The linear normal modes are derived, and some special solutions are
considered. For unmodulated motion, with no transfer of energy between
vertical and horizontal components, elliptic-parabolic solutions are
found, which generalize the solutions first found by Vitt and Gorelik.
These solutions are illustrated by numerical integrations.
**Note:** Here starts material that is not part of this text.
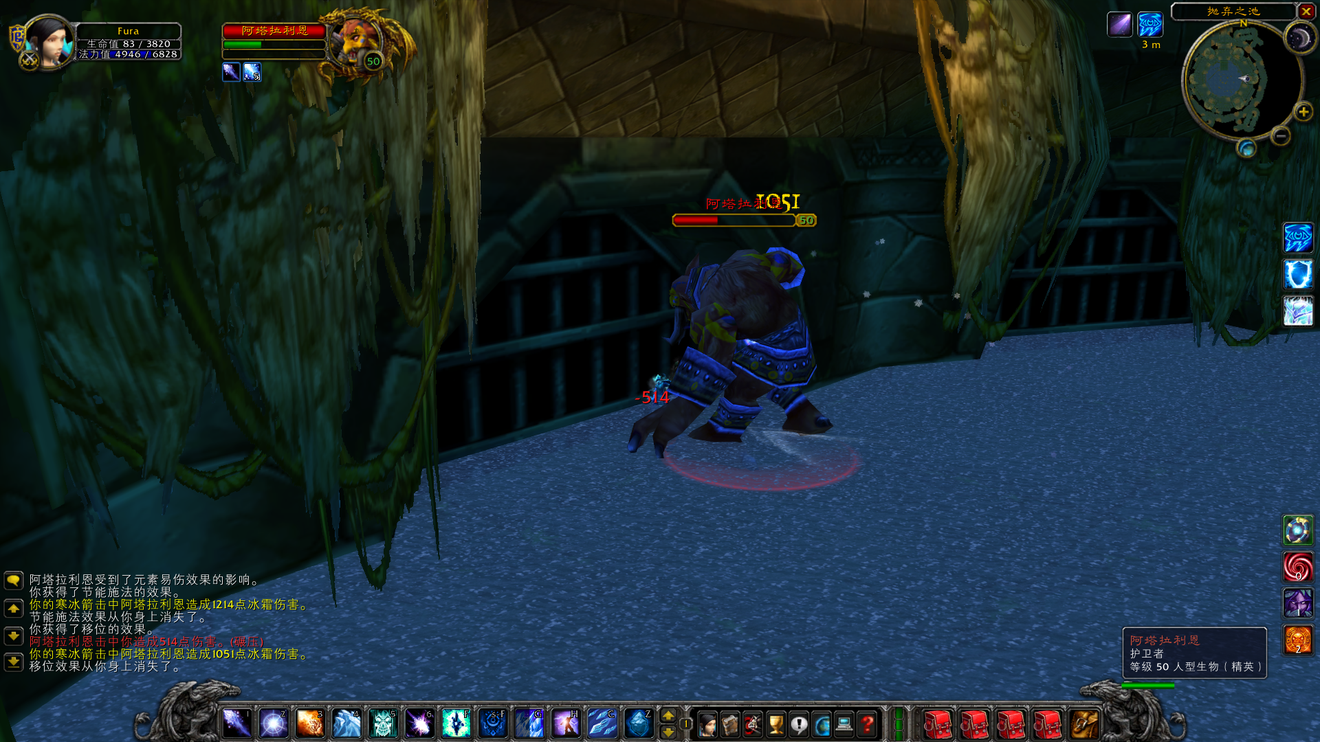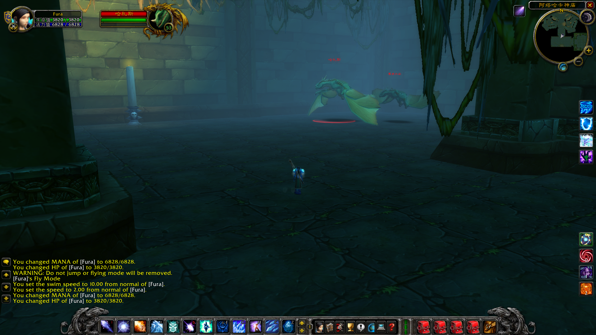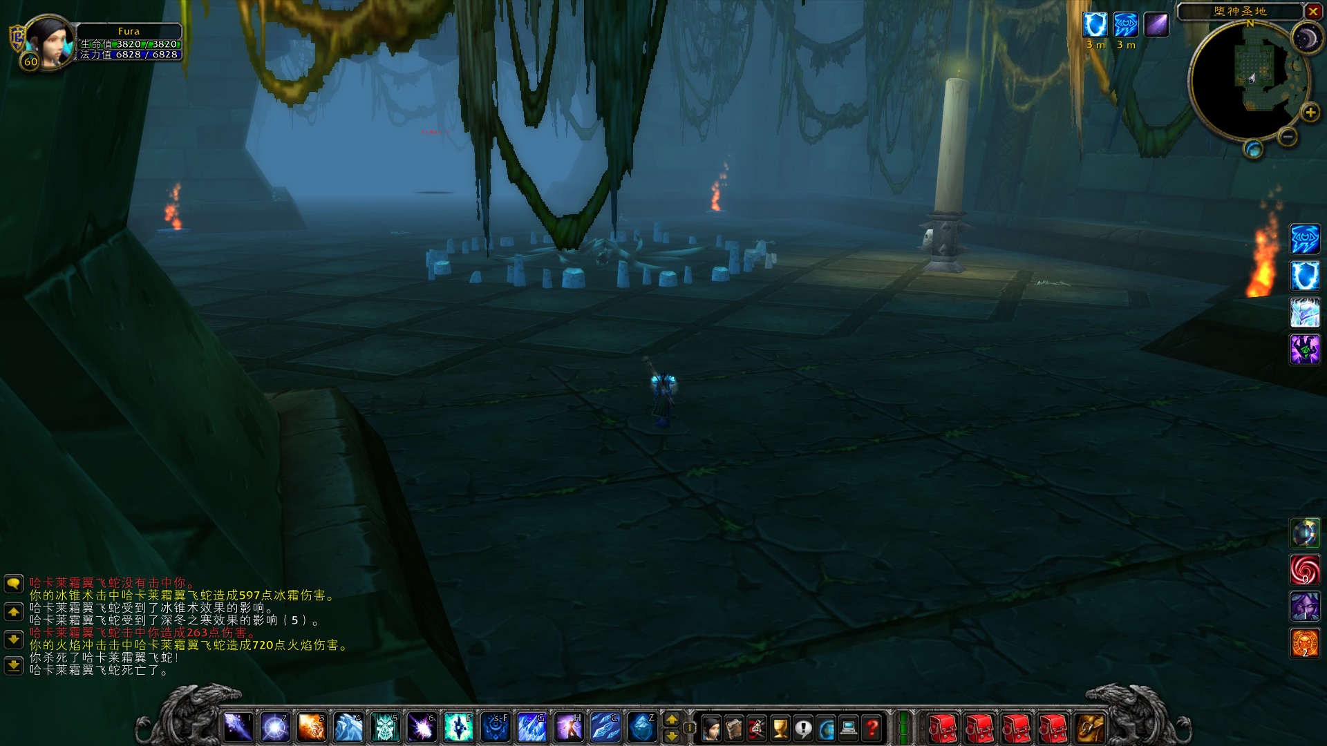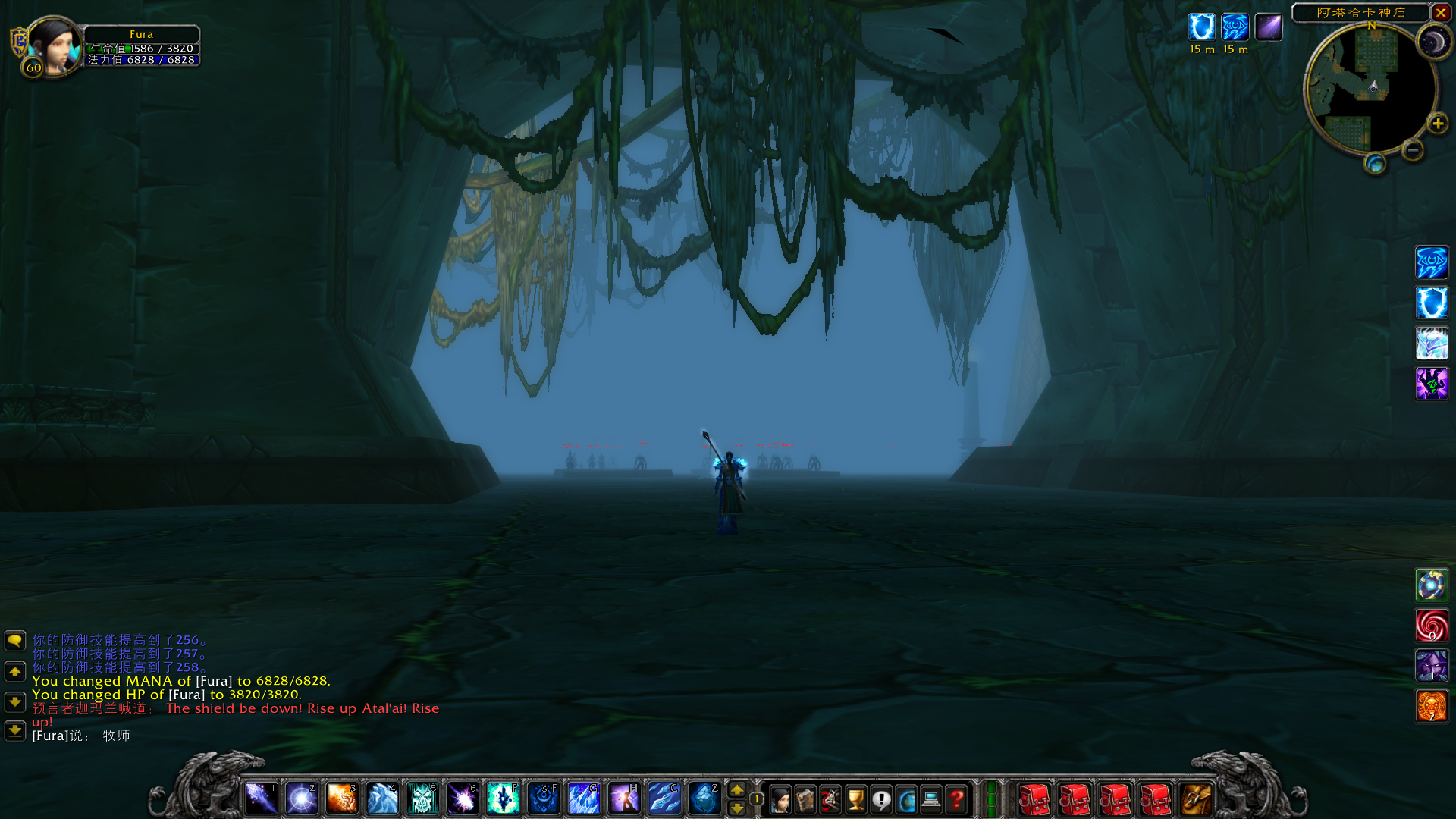 最后补一张图,当你走近大厅中央,可以看到地板上有一个洞。洞里是什么?没催,就是底层的哈卡祭坛,卫像者阿塔拉利恩所在的房间。在以前,老玩家还是萌新的时候,很多人会在清完上层神庙之后,再跳下去打下层。死得老惨了,这多高啊

Perturbations about conical motion are then studied, and solutions in
terms of elementary functions are found.
When the ratio of the the normal mode frequencies is approximately two
to one, an interesting resonance phenomenon occurs, in which energy is
transferred periodically between predominantly vertical and
predominantly horizontal oscillations. The motion has two distinct
characteristic times, that of the oscillations and that of the
resonance envelope, and a multiple time-scale analysis is found to be
productive. The amplitude of the vertical component may be expressed
in terms of Jacobian elliptic functions.
As the oscillations change from horizontal to vertical and back again,
it is observed that each horizontal excursion is in a different
direction. To study this phenomenon, it is convenient to transform the
equations to rotating co-ordinates. Expressions for the precession of
the swing-plane are derived. The approximate solutions are compared to
numerical integrations of the exact equations, and are found to give a
realistic description of the motion.
*Keywords:* Elastic Pendulum, Swinging Spring, Nonlinear Resonance, Precession.